Geological hierarchy of chronological periodization


Geochronology: From largest to smallest:
 Supereon
 Eon
 Era
 Period
 Epoch
 Age
 Chron
Correlation of marker horizons
Marker horizons are stratigraphic units of the same age and of such distinctive
composition and appearance, that despite their presence in different geographic sites,
there is certainty about their age-equivalence. Fossil faunal and floral assemblages,
both marine and terrestrial, make for distinctive marker horizons.
Tephrochronology is a method for geochemical correlation of unknown volcanic ash
(tephra) to geochemically fingerprinted, dated tephra. Tephra is also often used as a
dating tool in archaeology, since the dates of some eruptions are well-established.

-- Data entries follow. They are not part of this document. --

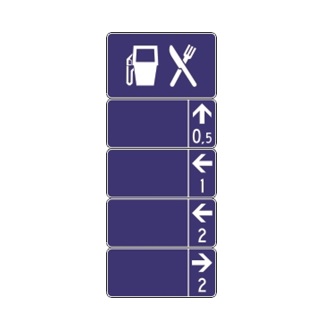 Le panneau « Acheminement » (I-570-3) indique l’itinéraire à suivre pour atteindre les établissements signalisés sur l’autoroute.
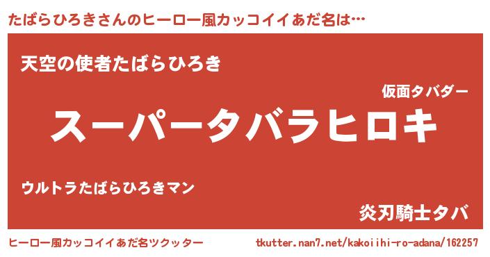 | 男性向けラノベタイトル風あだ名 | 『タバラヒロキスレイヤー』 |
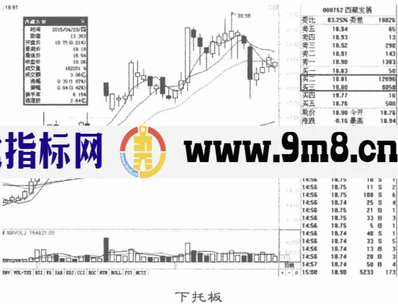 在报价栏里出现大量的买单而少量的卖单现象,俗称 下托板 。交易者如果真看好该股,通常会朝现有的卖单直接申报,甚至直接照卖二、卖三的价位挂单,很难在盘面上出现有大量委买单的现象。委买单越多,只会迫使其他交易者以更好的价格买入,而挂在盘口的买单是无法很快成交的。所以,迫使散户抢单或阻止股价下跌,是下托板的真正用意。下托板又分两种,分别是只托不压和大托小压。
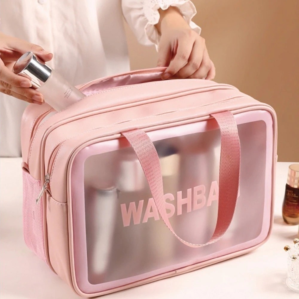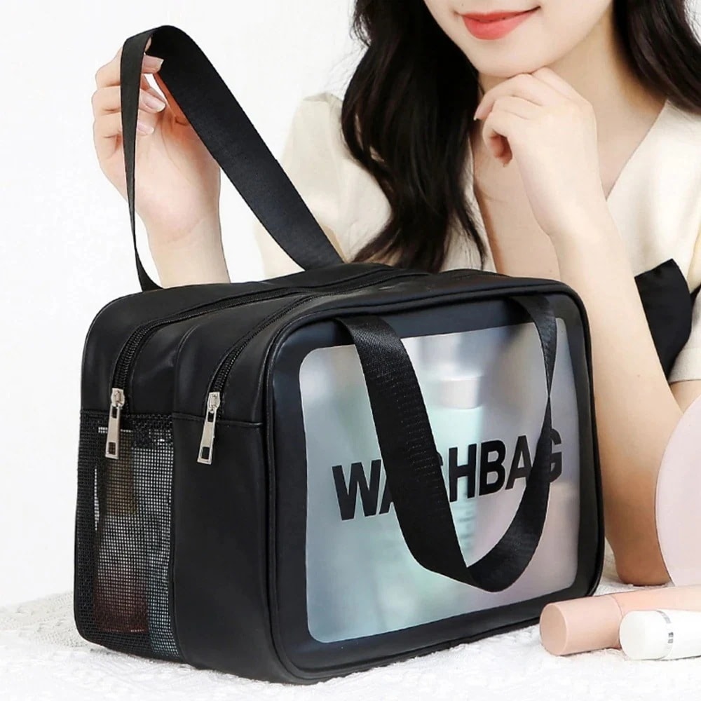 化粧バッグ クリアコスメポーチ スクエア ラージ ジッパー ハンドバッグ [3カラー]153
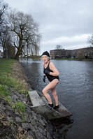 - DescriptionVrouw in badpak komt uit het water. De vrouw heeft gezwommen in open water en heeft een zwarte badmuts op, zwarte handschoenen en zwarte schoenen aan.
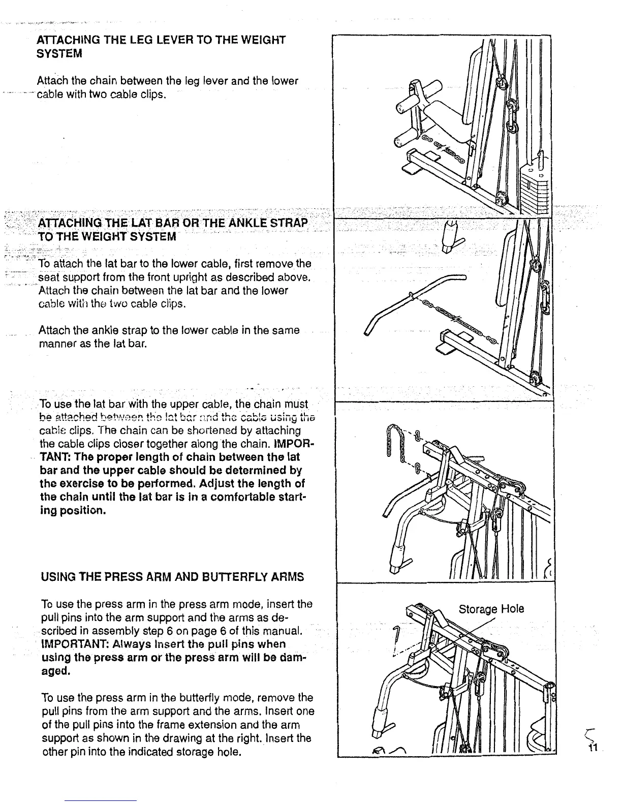Weslo Single Stack150lb B01193-b - Component Connections and Operation; Attaching the Leg Lever; Attaching the Lat Bar or Ankle Strap; Using the Press Arm and Butterfly Arms

Dating useful for Pleistocene and Holocene period

o The C-14 method is commonly used to date Late Pleistocene and Holocene
rocks (< 40 ka).

o However, this dating is often done with carbon associated with the rock
formation or paleosol that lies below or above the studied unit, potentially
causing an incorrect interpretation of the age of the site (Siebe et al. 2004).

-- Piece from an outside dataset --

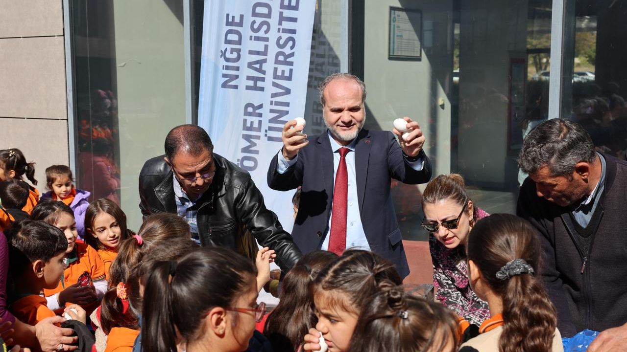 Etkinliğe Niğde'deki okullardan anaokulu ve ilkokul düzeyinde çok sayıda öğrenci katıldı. 1996 yılından bu yana tüm dünyada her yıl ekim ayının ikinci haftasında yumurtanın faydası ve insan beslenmesindeki önemi konusunda farkındalık yaratmaya yardımcı olan “Dünya Yumurta Günü” düzenlenmektedir. Niğde Ömer Halisdemir Üniversitesi’nde bu önemli gıdanın çocuklar arasında tanınırlığını artırmak amacıyla Niğde İl Milli Eğitim Müdürlüğü ile birlikte Tarım Bilimleri ve Teknolojileri Fakültesi’nde “Çocuklar Tarımla Tanışıyor ve Dünya Yumurta Günü” etkinliği gerçekleştirildi.
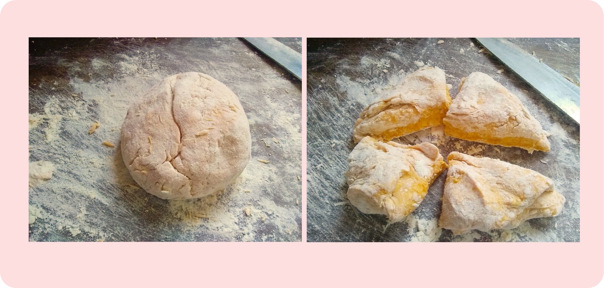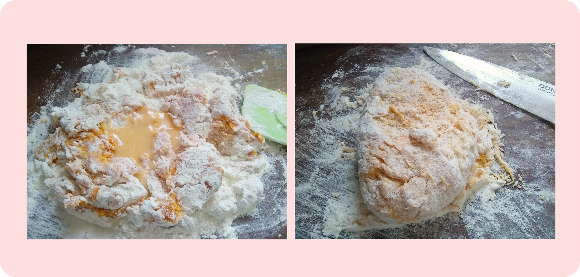 Uso un cuchillo para retirar los restos de la masa que se pegan a la tabla y los incorporo a la masa.

o The magnetic method has a significant advantage, since it allows dating the
moment of rock formation if the remanence carried by the sample is found to
be of primary origin.

o On the other hand, the K/Ar and 40Ar/39Ar methods are unable to date
Holocene volcanic eruptions and thus Palaeomagnetism becomes a powerful
alternative method to date lavas formed during the last 14,000 years.

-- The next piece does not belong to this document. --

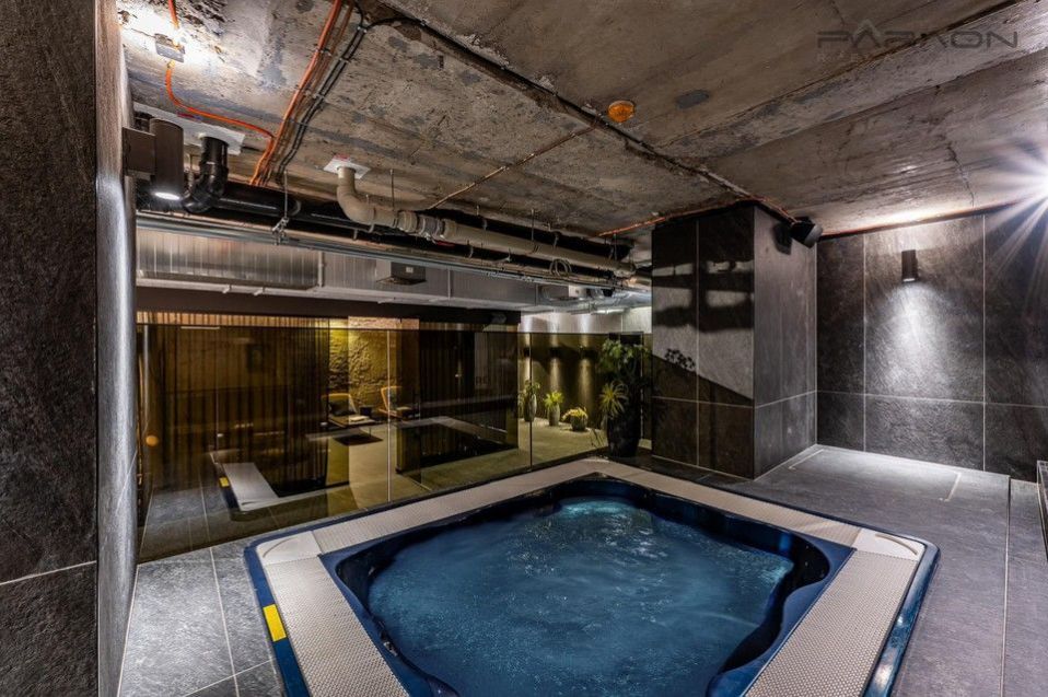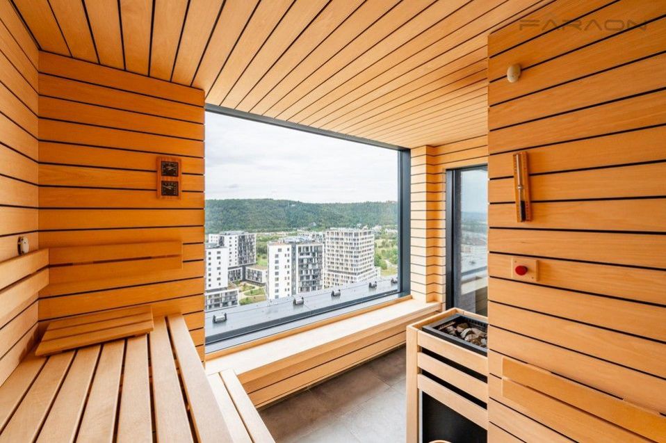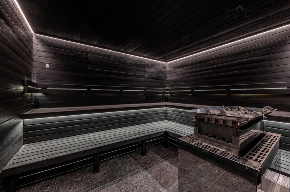 V zázemí domu je k dispozici plně vybavené fitness centrum, spa a wellness zóna s finskou saunou (k ochlazení padající ledová tříšť, sprchy a vědro se studenou vodou) a parní lázní, 18 metrů dlouhý prosklený bazén, odpočívárna, místnosti s masážními lehátky a vířivky umístěné vedle bazénu a privátní party místnost včetně kinosálu s prostorovým zvukem Dolby Atmos, kde lze pořádat narozeninové oslavy, pracovní schůzky či shlédnout premiéru filmu. V nejvyšších patrech jsou terasy se sdílenou letní kuchyní, venkovní grilovací zónou a panoramatickou saunou, vše přístupné pouze pro residenty a jejich hosty.

o Palaeomagnetism and archaeomagnetism are an interdisciplinary branch of


geophysics that investigates the variations of the Earth’s magnetic field in
terms of:
 Declination intensity
 Inclination intensity
 Absolute intensity
o In practice, this is a dating method that consists in comparing the
paleodirections recorded in burned archaeological artifacts or recent volcanic
lava flows with a regional secular variation reference (master) curve.
‘Marin Isotope Stages’ and ‘Oxygen Isotope Stages’
MIS OIS

o They are alternating warm and cool periods in the Earth's Paleoclimate, deduced
from oxygen isotope data reflecting changes in temperature derived from data
from deep sea core samples.

o Working backwards from the present, which is MIS 1 in the scale, stages with
even numbers have high levels of oxygen-18 and represent cold glacial periods,
while the odd-numbered stages are lows in the oxygen-18 figures, representing
warm interglacial intervals.

o The data are derived from pollen and foraminifera (plankton) remains in drilled
marine sediment cores, sapropels, and other data that reflect historic climate;
these are called proxies.

o The MIS timescale was developed from the pioneering work of Cesare Emiliani
in the 1950s, and is now widely used in archaeology and other fields to express
dating in the Quaternary period (the last 2.6 million years),
…as well as providing the fullest and best data for that period for
paleoclimatology or the study of the early climate of the Earth representing "the
standard to which we correlate other Quaternary climate records".

How Measuring Marine Isotope Stages Work?


o Scientists take sediment cores from the bottom of the ocean all over the world
and then measure the ratio of Oxygen 16 to Oxygen 18 in the calcite shells of
the foraminifera.
o Oxygen 16 is preferentially evaporated from the oceans, some of which falls as
snow on continents.
o As a result, as snow and glacier ice accumulate, the oceans become richer in
Oxygen 18. Thus the O18/O16 ratio changes over time, mostly as a function of
the volume of glacial ice on the planet.
o Supporting evidence for the use of oxygen isotope ratios as proxies of climate
change is reflected in the matching record, of what scientists believe the reason
for the changing amount of glacier ice on our planet.